|
Mabrur SPd |
9 Tahun Mengajar di
Pemukiman, Mabrur Hanya Digaji Rp 200 Ribu Sebulan
Mabrur SPd, merupakan
satu-satunya guru honorer yang mengajar di kelas jauh SDN Sori Sumba, Desa
Labuan Kananga Kecamatan Tambora. Niat tulusnya mengabdi tidak pernah goyah
meski menerima honor yang sangat tidak layak.
SDN Sori Sumba Desa Labuan
Kananga Kecamatan Tambora memiliki kelas jauh. Tepatnya, di pemukiman
transmigrasi dengan ketinggian sekitar 1.200 dari permukaan laut.
Satu bangunan kecil
menjadi satu-satunya akses belajar anak-anak di pemukiman setempat. Namun,
bangunan itu sudah tidak lagi dipakai pasca tertimpa pohon beberapa waktu lalu.
Kini, anak-anak harus
belajar di bawah pohon. Terkadang belajar di rumah warga ketika turun hujan.

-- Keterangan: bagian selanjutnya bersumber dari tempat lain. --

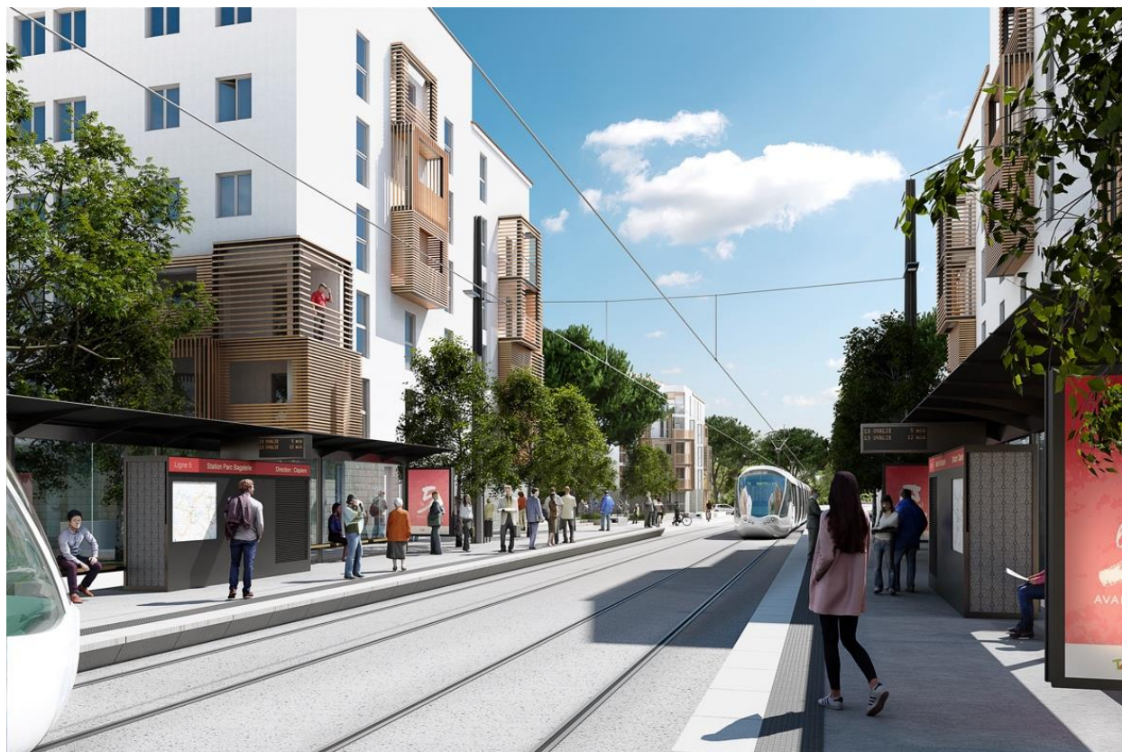
Perspective de la station Ligne 5 qui sera implantée place de Chine, au cœur du quartier Bagatelle – Val de Croze.

Attendue depuis 2017, la Ligne 5 apportera enfin une solution de transport en commun efficace aux habitants de l'Ouest et du Nord de la Métropole en 2025. 80 000 usagers voyageront chaque jour à bord de la 5 e ligne de tramway, véritable réponse collective à l'urgence sanitaire et écologique.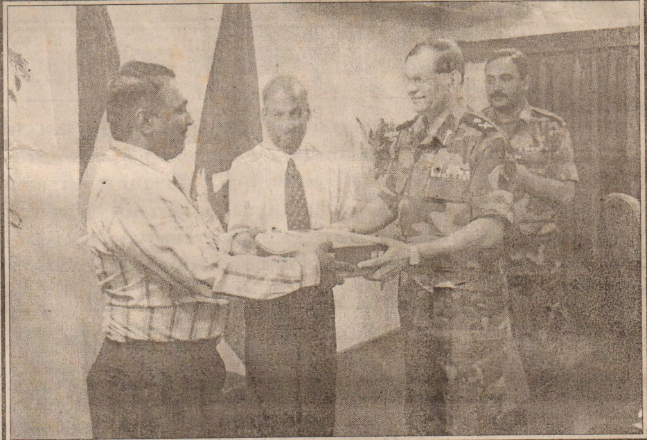
யாழ். குடாநாட்டில் சி.டி.எம்.ஏ. சேவை ஆரம்ப நிகழ்வு நேற்று முற்பகல் 11.30 மணி யளவில் பலாவி இராணுவத்தளத்தில் நடைபெற்றது. இந் நிகழ்வில் யாழ். கட்டளைத்தளபதி மேஜர் ஜெனரல் ஜி.ஏ.சுந்திரசிரி சி.டி.எம்.ஏ. தொலைபேசியை சிறிலங்கா ரெலிக்கொயின் வடமாகாண பிரதிப்பொது முகாமையாளர் வி.போகேந்திரனிடம் கையளிப்பதை படத்தில் காணலாம்.

டித்து முதல் இடத்தில் உள்ளது. சென்னை நகர விநியோக உரிமை மட்டும் 6 1/2 கோடிக்கு விற்கப்பட்ட முதல் திரைப்படம் சிவாஜிதான். சென்னை நகரத்தின் 16 திரையரங்குகளில் திரையிடப்பட்ட முதல் தமிழ்ப்படமும் இதுதான். படம் திரையிடுவதற்கு முன்பே ரிக்கர்ட் முற்பதிவில் மட்டும் ஒரு கோடியே 75 இலட்சத்துக்கு ரிக்கர்ட்டுக்கள் விற்கப்பட்டது இதுவே முதல் முறை. சிவாஜி இந்தியாவில் மட்டும் மட்டும்; வெளி நாடுகளிலும் கொடூரப்பட்ட பறக்கிறது. லண்டனில் ஆங்கிலப் படங்களுக்குப் போட்டியாக யுகே டாப் -10 என்ற பட வரிசையில் இடம் பெற்றிருக்கிறது. இவை அனைத்தும் சாதனை மட்டுமல்ல சரித்திரமும் ஆகும் என அவர் கூறியுள்ளார். (ச-5)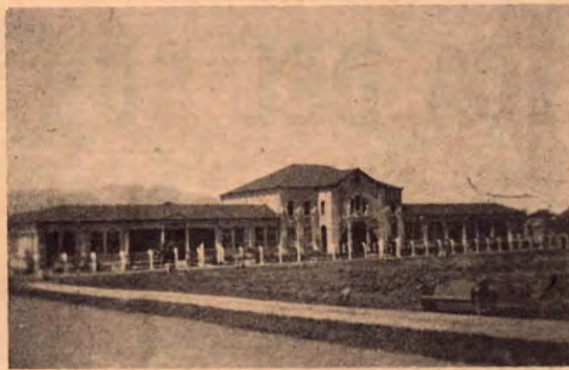
Edificio escolar de Santo Domingo de Heredia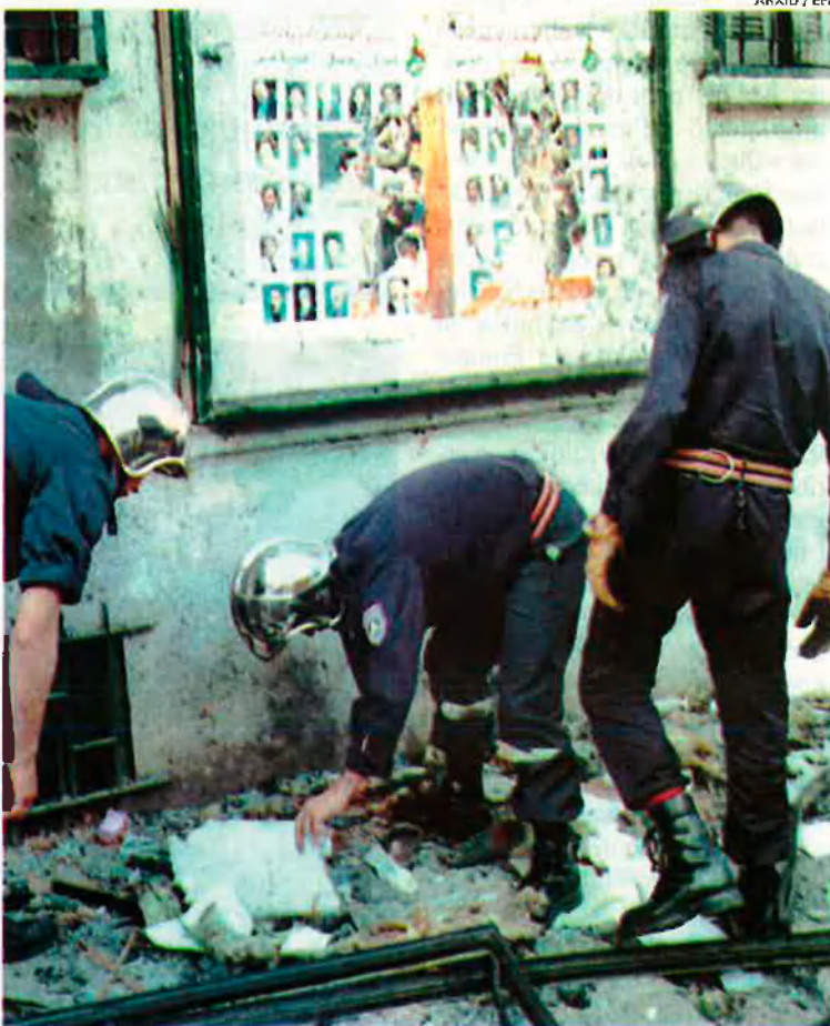
Atemptat a Algèria. El terrorisme és un dels problemes que l'OTAN vol combatre.

El comandant en cap de les Forces Aliades de la Regió Sud de l'OTAN (AFSOUTH), l'almirall Joseph Lopez, està convençut que la regió Mediterrània és la "més complexa d'Europa, i potser la més

Meskipun di tengah keterbatasan sarana prasarana, semangat belajar mereka tak
pernah pudar.
Mabrur, adalah sosok
penting yang memberi semangat pada anak-anak di pemukiman itu. Pria yang hanya
menyandang status guru sukarela ini tak pernah lelah mengasuh murid di kampung
terpencil itu. Padahal dia tinggal jauh dari pemukiman tersebut. Jarak antara
tempat mengajar dengan rumahnya sekitar 5 kilometer.
Mabrur sudah 9 tahun
menjadi guru sukarela di SD setempat. Niat tulusnya gak pernah pudar meski
digaji Rp 200 ribu per bulan. Bagi dia, pendidikan anak-anak jauh lebih penting
dari sekadar imbalan.
"Saya terima gaji
satu kali per tiga bulan," katanya.
Honor yang dierima sebagai
tenaga pendidik memang dirasakan jauh dari standar kebutuhan hidup. Untuk
menambah pendapatan ia terpaksa nyambi jadi petani jagung.
Dulu dia mengaku pernah
mendapat tunjangan guru terpencil, sebesar Rp 1 juta per bulan. Tapi belakangan,
sekitar tahun 2016, tunjangan itu tidak ada lagi. Ia memprotes soal penghapusan
tunjangan guru terpencil itu pada dinas terkait, namun tidak membuahkan hasil.
"Begitu pula dengan
bantuan sarana prasarana sekolah sudah seringkali kita ajukan proposal. Tapi,
tak pernah direspon," sesalnya.
Mabrur tidak setiap hari
mengajar di pemukiman itu. Ia hanya mampu tiga kali dalam seminggu. Selain
jarak yang jauh, medan yang dilalui cukup sulit. Sebab, jalannya rusak parah,
menanjak dan berbatuan.
Bahkan untuk pergi
mengajar ia harus star lebih pagi, supaya tiba di sekolah tepat waktu. Sepeda
motor jadi satu-satunya transportasi yang bisa digunakan menuju pemukiman itu.
Untuk menempuh lokasi itu
lumayan jauh, sekitar 3 kilometer dari sekolah induk. Sehingga tak ada guru PNS
yang ditempatkan di sekolah itu.
"Selama ini hanya
saya yang ditugaskan mengajar di pemukiman transmigrasi. Sesekali ngajar di
sekolah induk," katanya.
Setiap kali ke sekolah ia
sangat dihormati warga pemukiman. Perjuangannya dalam mendidik anak-anak
disanjung banyak orang.
Tapi, baru-baru ini peran
Mabrur sedikit terbantu dengan hadirnya guru PNS yang baru ditempatkan di SDN
Sori Sumba. Namanya, Dian Agi Purnama SPd.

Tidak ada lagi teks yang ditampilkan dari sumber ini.